◆ Exercise brief ◆
Please give back, exactly as written, the lines from the line with "Use este belo" to the line with "- Graphic print" in the listing below, leaving out all pictures.

(Beginning of Task material)

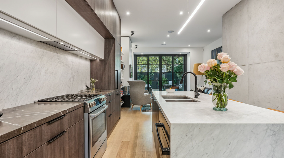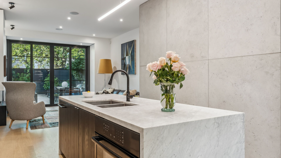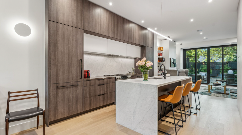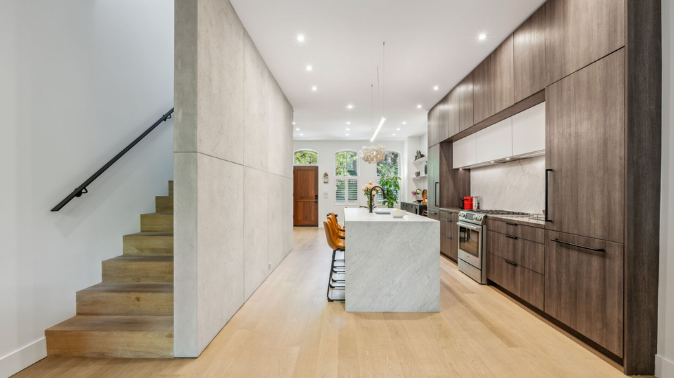 Inside, residents are greeted by an open concept kitchen, dining, and living room which continues to the rear of the home, allowing light to stream in through the backyard. The kitchen has a concrete tile accent wall and the entire space is filled with stylish design flares including contemporary light fixtures, floor to ceiling wood cabinetry, and a marble island with a matching backsplash.
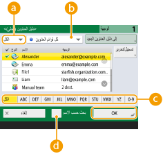 شاشة الميزات الأساسية للمسح الضوئيتحديد الوجهات من دفتر العناوين
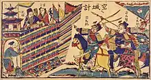 Dans le roman des Trois royaumes, Zhuge Liang a mené six expéditions vers le nord à partir de Hanzhong par Qishan dans l'espoir de capturer Chang'an. Dans la 1re expédition, ses efforts ont été minés par la perte de Jieting, une passe près de Hanzhong, due à l'imprévoyance de Ma Su, qui refusa d'écouter les ordres du premier ministre. Avec la perte de la bataille de Jieting, Zhuge Liang doit battre en retraite. Le lieu où Xicheng (西城) est stationné le met en grand danger. Après avoir renvoyé toutes les troupes et lui-même restant sur place avec une poignée de fonctionnaires civils, Zhuge Liang décide d'employer un stratagème pour tromper l'armée de Wei. Il n'a alors à sa disposition que quelques centaines de soldats.
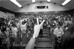 Con un auditorio ocupado por cerca de 400 delegados ųentre estudiantes, académicos, trabajadores y padres de familiaų, los participantes en el encuentro aprobaron la jornada nacional consistente en enviar brigadas de información sobre el conflicto en la UNAM a todas las universidades e instituciones de educación media y superior del país, con la finalidad de que se sumen al movimiento. Por lo pronto, el delegado del Colegio de Bachilleres anunció que el próximo miércoles el plantel cinco hará un paro y una consulta entre los otros 19 centros escolares de esa institución sobre el cobro de las cuotas y la huelga en la UNAM.
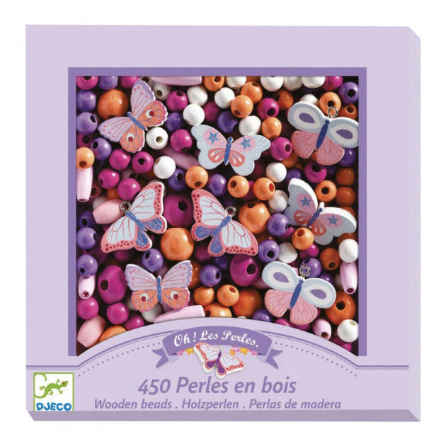 Use este belo conjunto de contas de madeira da Djeco para criar lindas joias! O conjunto inclui lindos encantos de borboletas e contas em rosas e roxos para fazer lindas pulseiras e colares personalizados!
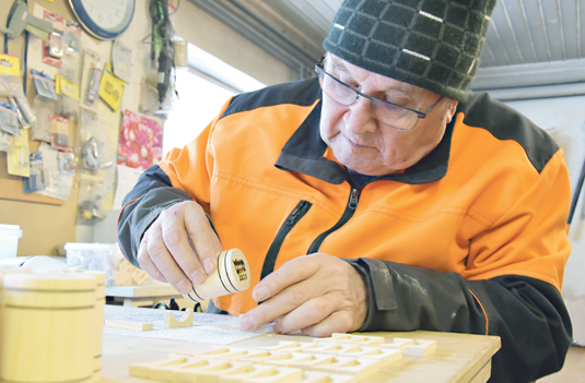 ”Tämä on varsin kimuranttia hommaa. Raudan pitää olla juuri sopivan lämmin, jotta teksti painautuu puuhun kunnolla”, tietää Reijo Grekula.
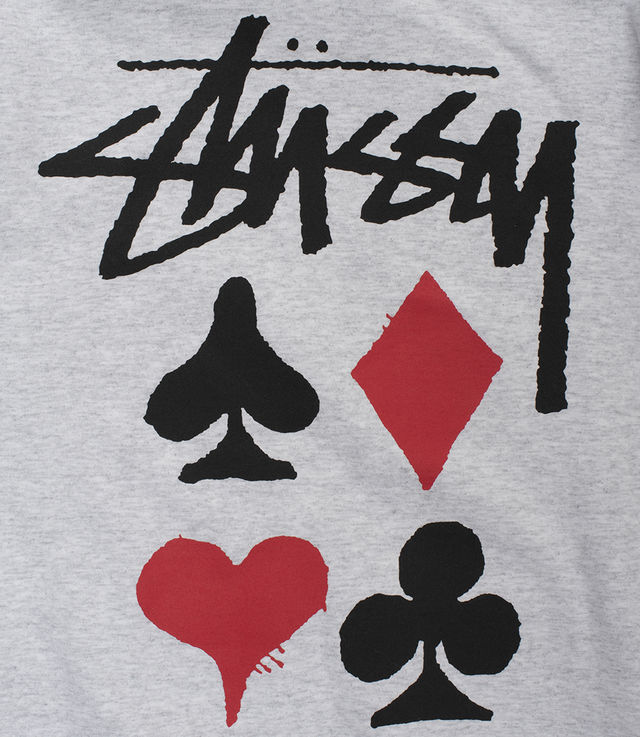 - Graphic print with playing card suits at the chest and back
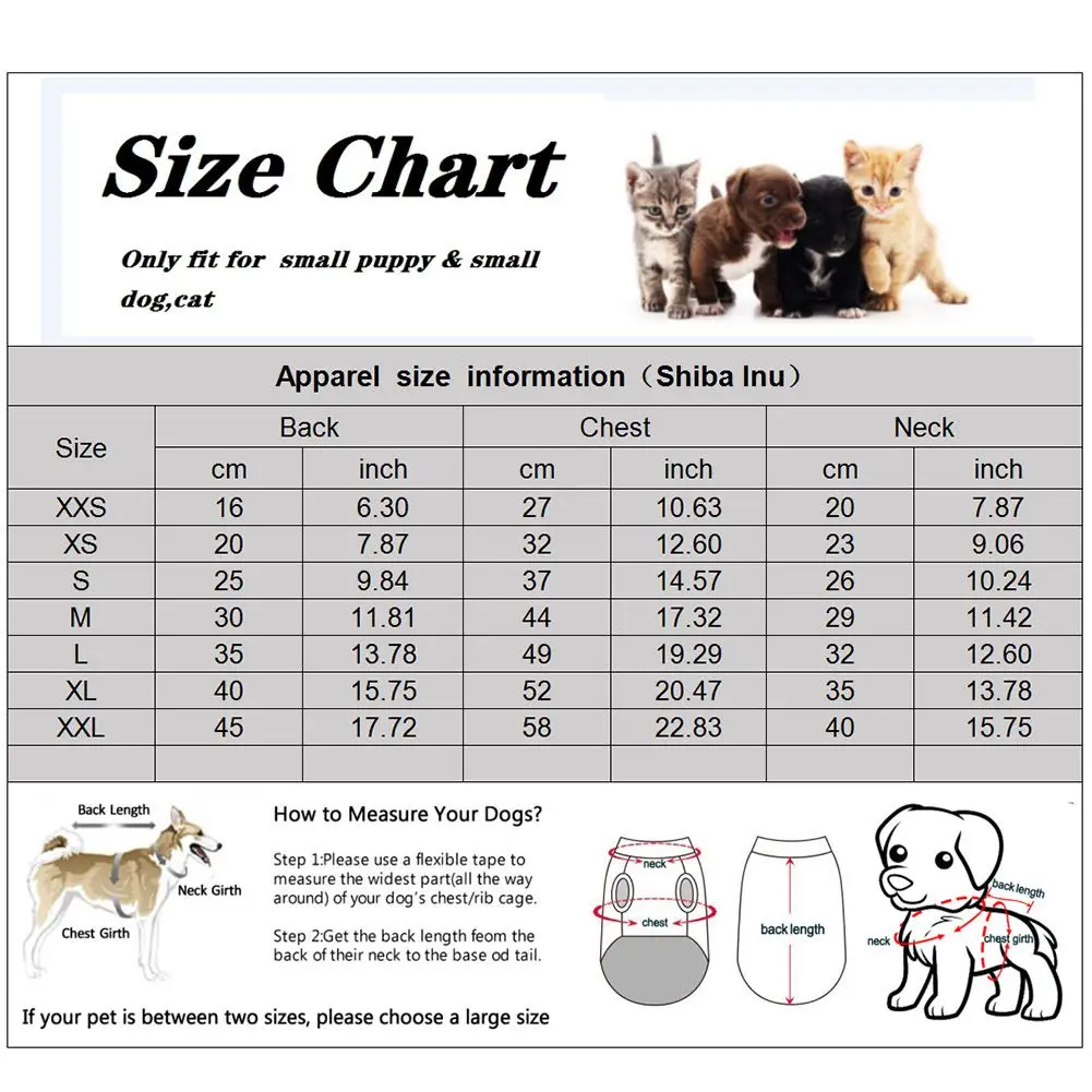 Материал: флоатРазмер; Длина; Обхват груди; Шеи; ПожеланияXXS 16 см/6,3 "27 см/10,63" 20 см/7,87"XS 20 см/7,87 "32 см/12,6" 23 см/9,06"S 25 см/9,84 дюйма 37 см/14,57 дюйма 26 см/10,24 дюймаM 30 см/11,81 "44 см/17,32" 29 см/11,42"L 35 см/13,78 "49 см/19,29" 32 см/12,6"XL 40 см/15,75 дюйма 52 см/20,47 дюйма 35 см/13,78 дюймаXXL 45 см/17,72 дюйма 58 см/22,83 дюйма 40 см/15,75 дюймаОсобенности продукта1, флисовая ткань удобная, стерео крой под заказ2. Вырез, манжета, эластичный материал, легко носить3, Метод упаковки заключается в том, чтобы предотвратить заусенцы и не легко пилить, так что его части являются естественными4. Свитер с узором, платье, модный вариант для путешествий на ХэллоуинПосылка включает:1x Одежда для домашних животныхПримечания1. Пожалуйста, учитывайте разницу в 1-3 см из-за ручного измерения и 3-5 г из-за разницы между разными цветами.2. Из-за разницы в цвете экрана цвет может немного отличаться от того, что вы ожидаете, пожалуйста, учитывайте это.3. 1,00 см = 0,39"
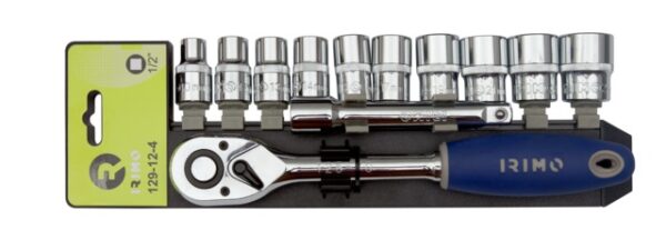 Juego Llave Vaso Carraca 1/2″ Regleta De 12 Vasos 8 A 24 + Carraca Irimo 129-12-4

(End of Task material)

◆ Exercise result ◆
 Use este belo conjunto de contas de madeira da Djeco para criar lindas joias! O conjunto inclui lindos encantos de borboletas e contas em rosas e roxos para fazer lindas pulseiras e colares personalizados!
 ”Tämä on varsin kimuranttia hommaa. Raudan pitää olla juuri sopivan lämmin, jotta teksti painautuu puuhun kunnolla”, tietää Reijo Grekula.
 - Graphic print with playing card suits at the chest and back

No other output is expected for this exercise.